37.    In the balance on the other side there falls to be taken into account the strong weight to be given to the need to maintain immigration control in pursuit of the economic well-being of the country and the fact that, ex hypothesi, the applicants have no entitlement to remain. The immigration history of the parents may also be relevant e.g. if they are overstayers, or have acted deceitfully.

 

38.    I n my judgment, therefore, the assessment of the best interests of the children must be made on the basis that the facts are as they are in the real world. If one parent has no right to remain, but the other parent does, that is the background against which the assessment is conducted. If neither parent has the right to remain, then that is the background against which the assessment is conducted. Thus the ultimate question will be: is it reasonable to expect the child to follow the parent with no right to remain to the country of origin?
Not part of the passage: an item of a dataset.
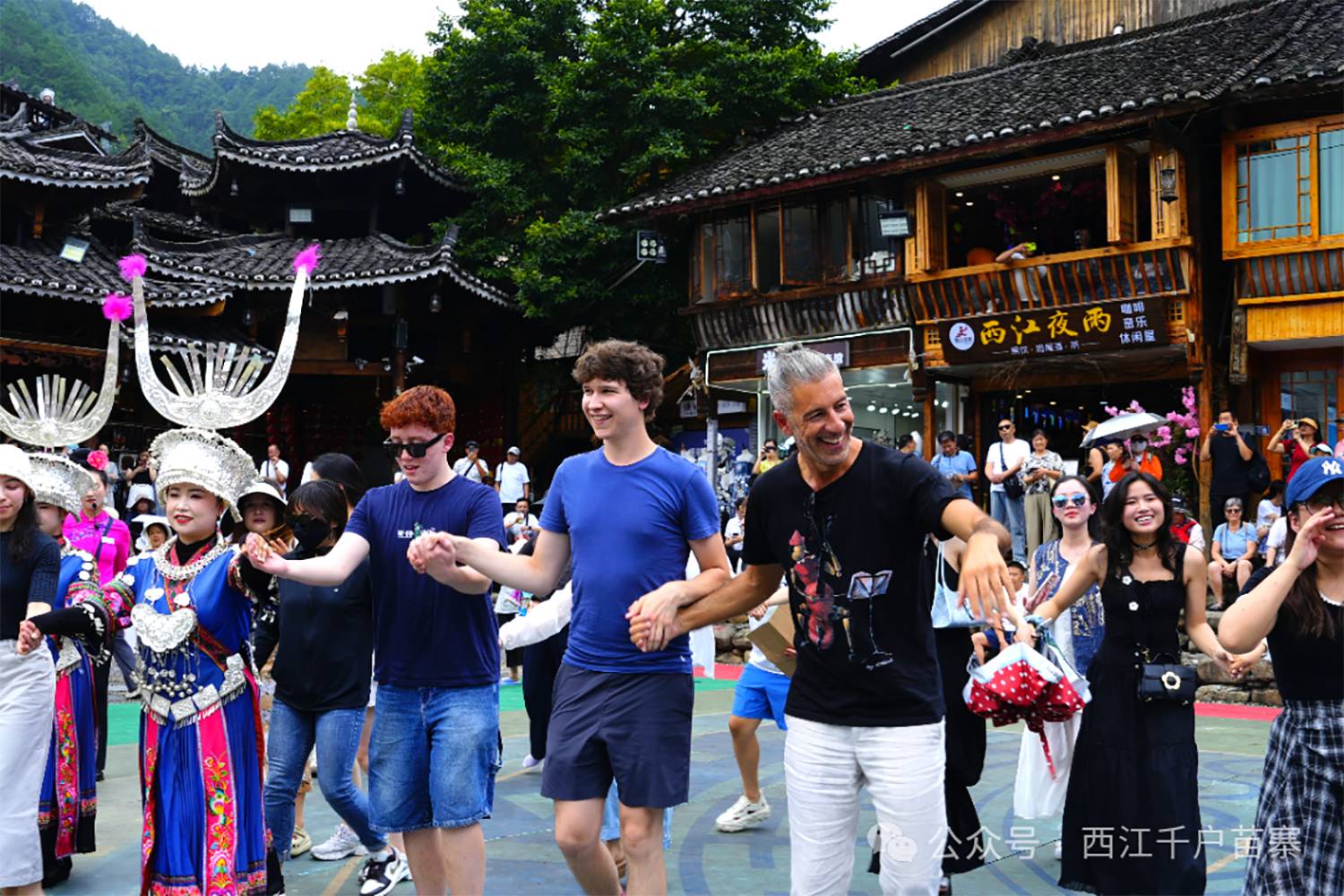 7月13日,“山海无界,乐传全球”——中欧艺术交流全球传播活动采风团走进贵州西江千户苗寨,来自欧洲的音乐人深入体验苗族民俗文化,在吊脚楼的层叠光影里,开启了一场跨越山海的音乐对话。米酒的甘醇、芦笙舞的灵动、古歌的悠远,让来自欧洲的音乐人们沉醉其间,更碰撞出奇妙的艺术火花!

The next passage is from the judgement of Lewison LJ:

  1. On the facts of ZH it was not reasonable to expect the children to follow their mother to Tanzania, not least because the family would be separated and the children would be deprived of the right to grow up in the country of which they were citizens.
  1. That is a long way from the facts of our case. In our case none of the family is a British citizen. None has the right to remain in this country. If the mother is removed, the father has no independent right to remain. If the parents are removed, then it is entirely reasonable to expect the children to go with them. As the immigration judge found it is obviously in their best interests to remain with their parents. Although it is, of course a question of fact for the tribunal, I cannot see that the desirability of being educated at public expense in the UK can outweigh the benefit to the children of remaining with their parents. Just as we cannot provide medical treatment for the world, so we cannot educate the world.
  1. In fact the immigration judge weighed the best interests of the children as a primary consideration, and set against it the economic well-being of the country. As Maurice Kay LJ pointed out in AE (Algeria) v Secretary of State for the Home Department [2014] EWCA Civ 653 at [9] in conducting that exercise it would have been appropriate to consider the cost to the public purse in providing education to these children. In fact that was not something that the immigration judge explicitly considered. If anything, therefore, the immigration judge adopted an approach too favourable to the appellant.

15)  The appellant has not shown that the determination of the First-tier Tribunal involved the making of an error on a point of law, and that determination shall stand.